Supplied entries —
☆ ☆ ☆

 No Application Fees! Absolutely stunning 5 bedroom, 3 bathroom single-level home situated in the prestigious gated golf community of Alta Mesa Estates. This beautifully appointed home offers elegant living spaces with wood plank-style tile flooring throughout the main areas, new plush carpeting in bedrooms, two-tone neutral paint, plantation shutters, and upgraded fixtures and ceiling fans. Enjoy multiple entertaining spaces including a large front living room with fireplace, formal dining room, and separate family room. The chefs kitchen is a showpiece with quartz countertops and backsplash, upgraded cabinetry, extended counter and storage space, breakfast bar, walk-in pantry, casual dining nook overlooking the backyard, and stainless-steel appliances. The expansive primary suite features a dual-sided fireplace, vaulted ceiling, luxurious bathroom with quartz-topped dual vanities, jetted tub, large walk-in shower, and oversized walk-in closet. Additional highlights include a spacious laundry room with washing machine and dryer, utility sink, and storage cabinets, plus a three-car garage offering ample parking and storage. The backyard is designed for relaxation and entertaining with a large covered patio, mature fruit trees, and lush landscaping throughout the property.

☆ ☆ ☆

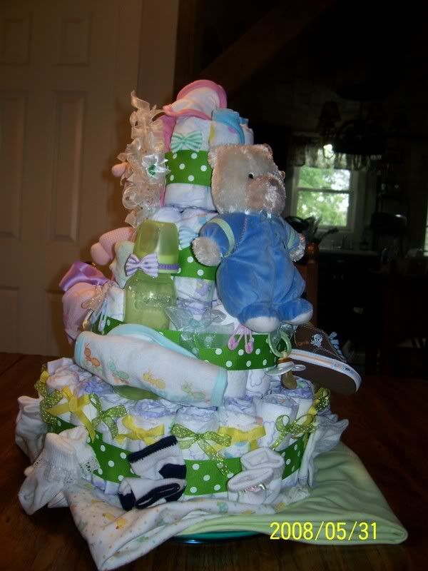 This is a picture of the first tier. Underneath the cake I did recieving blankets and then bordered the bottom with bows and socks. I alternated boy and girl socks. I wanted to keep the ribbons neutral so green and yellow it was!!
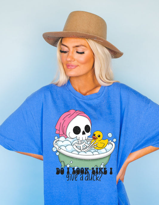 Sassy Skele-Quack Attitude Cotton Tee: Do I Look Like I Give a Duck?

☆ ☆ ☆

The problem — Now transcribe the lines above exactly, starting at the line containing "This is a picture" and ending at the line containing "Sassy Skele-Quack Attitude", both lines included, pictures excluded.

Solved exercise —
 This is a picture of the first tier. Underneath the cake I did recieving blankets and then bordered the bottom with bows and socks. I alternated boy and girl socks. I wanted to keep the ribbons neutral so green and yellow it was!!
 Sassy Skele-Quack Attitude Cotton Tee: Do I Look Like I Give a Duck?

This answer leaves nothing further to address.